>>>>

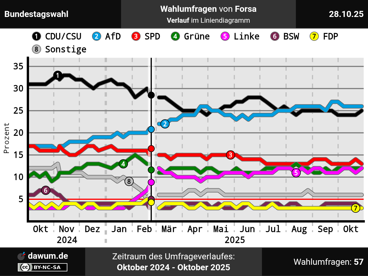 Umfrageverlauf bei Forsa von Oktober 2024 bis Oktober 2025
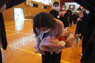 本日は離任式が行われました。とうとうこの日がやってきました。今回の定期異動でご退職も含め本校職員7人の異動がありました。離任式では、一人ずつあいさつをしてもらいました。保護者の方にも「お世話になりました。」とお礼を言っておりました。生徒代表お礼の言葉では、慎之介さんが各先生に対して一言ずつお礼の言葉を伝えてくれました。とても寂しくなりますが、お互い頑張りたいと思います。転出される先生方の今後のさらなるご活躍をご祈念申し上げます。
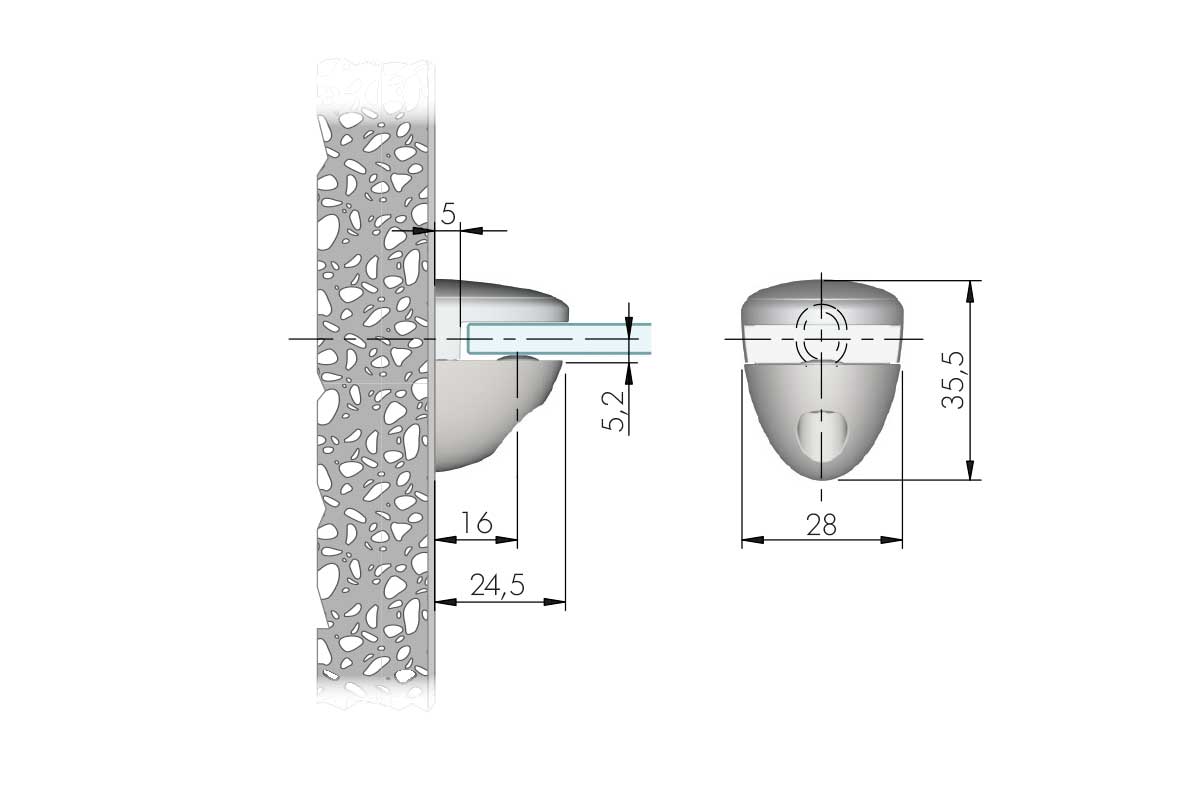 Épaisseur de l'étagere 5-6 mm. Capacité de charge d'un support 3 kg (verre inclus) pour une largeur d'étagere de 150 mm.

<<<<

◆ **What you are asked to do**
Extract only the lines from the line containing "本日は離任式が行われました。" through the final line of the listing above, unchanged; pictures stay out of the copy.

◆ **Answer**
 本日は離任式が行われました。とうとうこの日がやってきました。今回の定期異動でご退職も含め本校職員7人の異動がありました。離任式では、一人ずつあいさつをしてもらいました。保護者の方にも「お世話になりました。」とお礼を言っておりました。生徒代表お礼の言葉では、慎之介さんが各先生に対して一言ずつお礼の言葉を伝えてくれました。とても寂しくなりますが、お互い頑張りたいと思います。転出される先生方の今後のさらなるご活躍をご祈念申し上げます。
 Épaisseur de l'étagere 5-6 mm. Capacité de charge d'un support 3 kg (verre inclus) pour une largeur d'étagere de 150 mm.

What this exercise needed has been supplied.